Version:

Release Notes


Version 7.0

Publish Date: 01/31/2019

New Features

Active Analytics Workbench

  • The Active Analytics Workbench (AAW) platform is now available. A brand new API and UI are available to improve existing machine learning workflows. For machine learning, Tensorflow and Blackbox (using Docker containers) models are supported. AAW also supports continuous deployments, on-demand deployments (via an inferencing REST endpoint), and audits of both TensorFlow models trained internally and imported models. AAW has a new ingestion interface that allows ingesting data from variety of sources and methods, including Kinetica, PostgreSQL, and Kafka.

Core

  • Kinetica now supports Resource Management. Resource management involves the three following resources:
    • Storage Tiers: Data containment layers within the database (VRAM, RAM, Disk Cache, Cold Storage)
    • Tier Strategies: Data object eviction priorities within each storage tier to help define memory usage and data priorities
    • Resource Groups: Resource fencing -- process scheduling priorities and other limits imposed on specific groups of users
  • Partitioning is now available. Table data that is sharded or replicated can be partitioned to aid storage tiering and data skipping. The two types of supported partitioning schemes are:
    • Range
    • Interval
  • The ability to alter multiple columns in a single call is possible via the new /alter/table/columns endpoint.

Geospatial

  • Kinetica now includes a network graph solver server. The graph server provides a generic and extensible design of networks with the aim of being tailored or used for various real-life applications, including transportation, utility, social, and geospatial.
  • Kinetica now offers a Vector Tile Service (VTS) to generate Vector Tiles and support client-side visualization of geospatial data contained within the tiles. Generating Vector Tiles using Kinetica involves passing in the VTS URL to the client-side renderer.
  • The /wms endpoint now supports contour plot visualization functionality

KAgent

  • The Kinetica Agent (KAgent) UI is now available to automate Kinetica installation and configuration. KAgent can automatically install Nvidia drivers for CUDA installations, the Active Analytics Workbench (AAW) and Kubernetes (required for AAW), configure the cluster for SSL and/or external authentication and high availability. KAgent is also cloud ready and able to provision and/or deploy to instances in Amazon Web Services (AWS), Google Cloud Platform (GCP), or Microsoft Azure. KAgent also allows one to configure the location of the head node, AAW, and the graph server within the cluster. Upgrades will now be managed using KAgent.

SQL

  • Kinetica is now packaged with a new and improved SQL interpreter.
  • A new /execute/sql endpoint is available.
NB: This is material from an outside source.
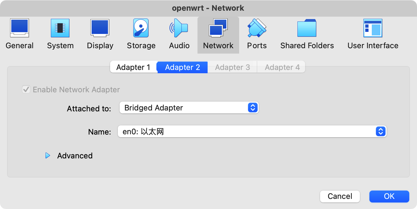 2)启用网卡2,连接方式选桥接网卡,名称选本机上能访问外网的网卡

You can now send SQL commands to the native API without an ODBC driver.
  • The SQL engine uses a query planner that analyzes an entire query for the many different ways it can be solved (e.g., performing a filter before a join, performing a filter after a join, etc.) and selecting the plan that is the most efficient. Once this plan is utilized, it’s cached so the plan can be used again without having to re-compute it when the same query is received again.
  • Complex SQL queries that involve multiple operations are now analyzed for interdependency. Any operations that have no dependencies on others are executed in parallel.
  • Distributed operations, such as UNIONs between sharded and replicated tables or distributed JOINs, are now possible using SQL syntax or /execute/sql. The database will automatically re-shard or replicate tables temporarily as necessary to help process the query. Note that the distributed query can be slower and use more memory than a traditional non-distributed operation. The sql.distributed_joins setting in /opt/gpudb/core/etc/gpudb.conf controls the ability to use distributed operations.
  • Correlated sub-queries are now supported.
  • New SQL support for:
    • EXPLAIN
    • Partitions
    • Tier Strategy Definitions
    • Logging Levels

Enhancements

UI

  • The Kinetica Administration Application (GAdmin) has undergone a visual refresh and now supports functionality for managing resource groups, interfacing with tier strategies and partitions, reviewing graph node and edge counts, and deleting graphs.
  • Kinetica Reveal service has undergone a visual refresh as well as received some usability improvements.

Version 6.2

Core

  • Dictionary encoding performance enhancements
  • Jobs can now be performed asynchronously
  • The Kinetica File System (KiFS) has been introduced to greatly ease ML workflows centered around file processing and file generation

Features

  • Non-HA multi-head primary key lookup is now possible using the RecordRetriever object available in the Java and Python APIs

  • HA support for multi-head primary key lookup and multi-head ingest

  • /alter/table jobs are now cancellable

  • A Host Manager-controlled alerting system for application-level significant events and hardware resource usage. Alerts can be managed via gpudb.conf, and you can view the most recent alerts in Kinetica Administration Application (GAdmin)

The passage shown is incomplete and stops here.